Environmental issues are being paid more attention due to income growth, urban overcrowding, and population growth in Korea. Among the various environmental problems, odor damage is the one of the serious factors. To take example for food waste combination treatment in Su-young wastewater treatment plant in Busan, many complaints occurred because this plant locate around residential areas. The purpose of this work is not only to analyze odorous elements and their contributions but also to evaluate odor quotient (OQ), sum of odor quotient (SOQ), and treatment efficiency of bio-filter. The results of dilution sensory test of complex odor, grinder, leachate, hopper indicated higher order complex odors happen in July and August.
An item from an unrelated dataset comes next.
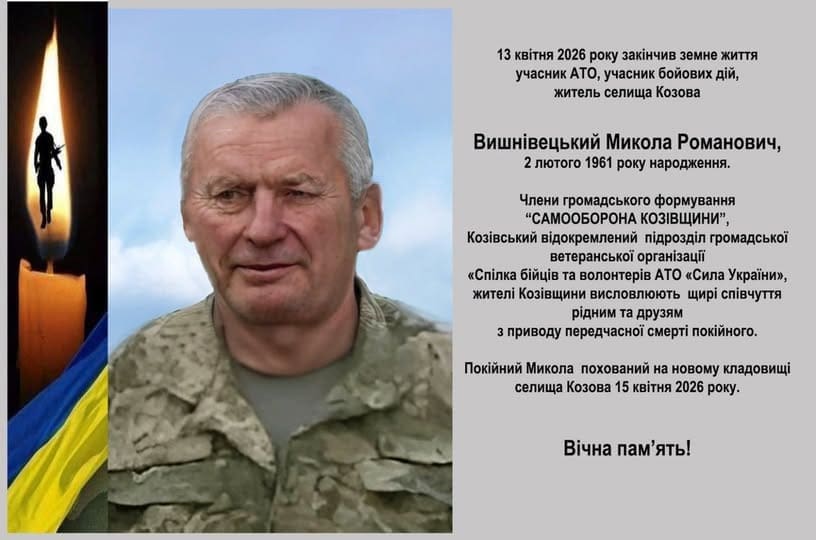 Микола Вишнівецький (20.02.1961) із Козови — учасник АТО та бойових дій — помер 13 квітня 2026 року. Члени громадського формування «Самооборона Козівщини» та Козівський підрозділ ветеранської організації повідомили про його смерть. Похований 15 квітня на новому кладовищі Козови.

The main odorous elements consisted of hydrogen sulfide, ammonia, methly mercaptan and acetaldehyde, which were analyzed by instrumental detection method, and methyl mercaptan was exceeded over 3,571 times of threshold. In addition, result of contribution of odor was methyl mercaptan (49.95 to 59.08%), hydrogen sulfide (20.43 to 29.27%), trimethylamine (8.82 to 13.42%) and acetaldehyde (9.17 to 11.35%). Other facilities were compared with the contribution of the odor using OQ and SOQ during the process. Sulfur compounds, acetaldehyde, and trimethylamine are high contribution of odor using OQ as well as odor intensity of grinding process is highest. As a result, sulfur compounds (e.g., methyl mercaptan and hydrogen sulfide) are highest for OQ and SOQ of grinding process is highest as 7,067. The removal efficiency of deodorization equipment was more than 90.00% in ammonia and amines, but the average efficiency of sulfur compounds was 53.51%. Thus, this facility is more higher contribution of acetaldehyde and trimethylamine than other treatment facilities. And food waste treatment in environmental area needs to consider appropriate capacity and refers to other bio-filter operating conditions.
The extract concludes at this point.